Note: The docker-compose maps ports to 4328/4327 on the host to avoid conflicts. Adjust in docker-compose.yaml if needed. Add additional exporters (e.g., otlphttp/jaeger) to fan out to multiple backends. See docs/monitoring/otel-collector-config.yaml for the full config including batch processor and logs pipeline.

Jaeger

Jaeger is an open-source distributed tracing platform. It accepts OTLP directly — no collector needed.

1. Start Jaeger:

docker run -d --name jaeger -p 16686:16686 -p 4318:4318 jaegertracing/jaeger:latest

2. Configure VS Code:

{
  "github.copilot.chat.otel.enabled": true,
  "github.copilot.chat.otel.otlpEndpoint": "http://localhost:4318"
}

3. Verify: Open http://localhost:16686, select service copilot-chat, and click Find Traces.

Langfuse

Langfuse is an open-source LLM observability platform with native OTLP ingestion and support for OTel GenAI Semantic Conventions. See the Langfuse docs for full details on capabilities and limitations.

Setup:

{
  "github.copilot.chat.otel.enabled": true,
  "github.copilot.chat.otel.otlpEndpoint": "http://localhost:3000/api/public/otel",
  "github.copilot.chat.otel.captureContent": true
}

Then set the auth header via environment variable (required — no VS Code setting for headers):

export OTEL_EXPORTER_OTLP_HEADERS="Authorization=Basic $(echo -n '<public-key>:<secret-key>' | base64)"

Replace <public-key> and <secret-key> with your Langfuse API keys from Settings → API Keys.

Verify: Open Langfuse → Traces.

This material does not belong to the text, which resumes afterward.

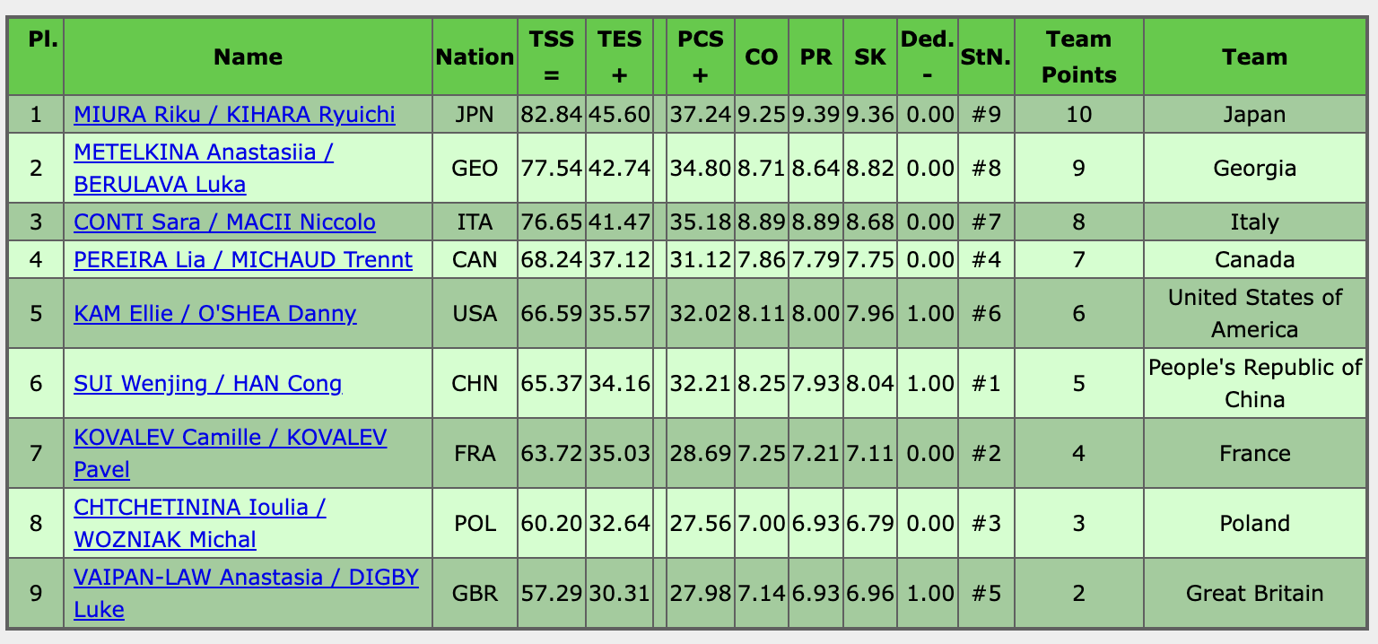 Оценка японских фигуристов Миуры и Кихары — 82,84 балла!

You should see invoke_agent traces with nested chat and execute_tool spans.

Other Backends

Any OTLP-compatible backend works with Copilot Chat's OTel output. Some options:

Backend Description
Jaeger Open-source distributed tracing platform
Grafana Tempo + Prometheus Open-source traces + metrics stack

Refer to each backend's documentation for OTLP ingestion setup.


Security & Privacy

  • Off by default. No OTel data is emitted unless explicitly enabled. When disabled, the OTel SDK is not loaded at all — zero runtime overhead.
  • No content by default. Prompts, responses, and tool arguments require opt-in via captureContent.
  • No PII in default attributes. Session IDs, model names, and token counts are not personally identifiable.
  • User-configured endpoints. Data goes only where you point it — no phone-home behavior.
  • Dynamic imports only. OTel SDK packages are loaded on-demand, ensuring zero bundle impact when disabled.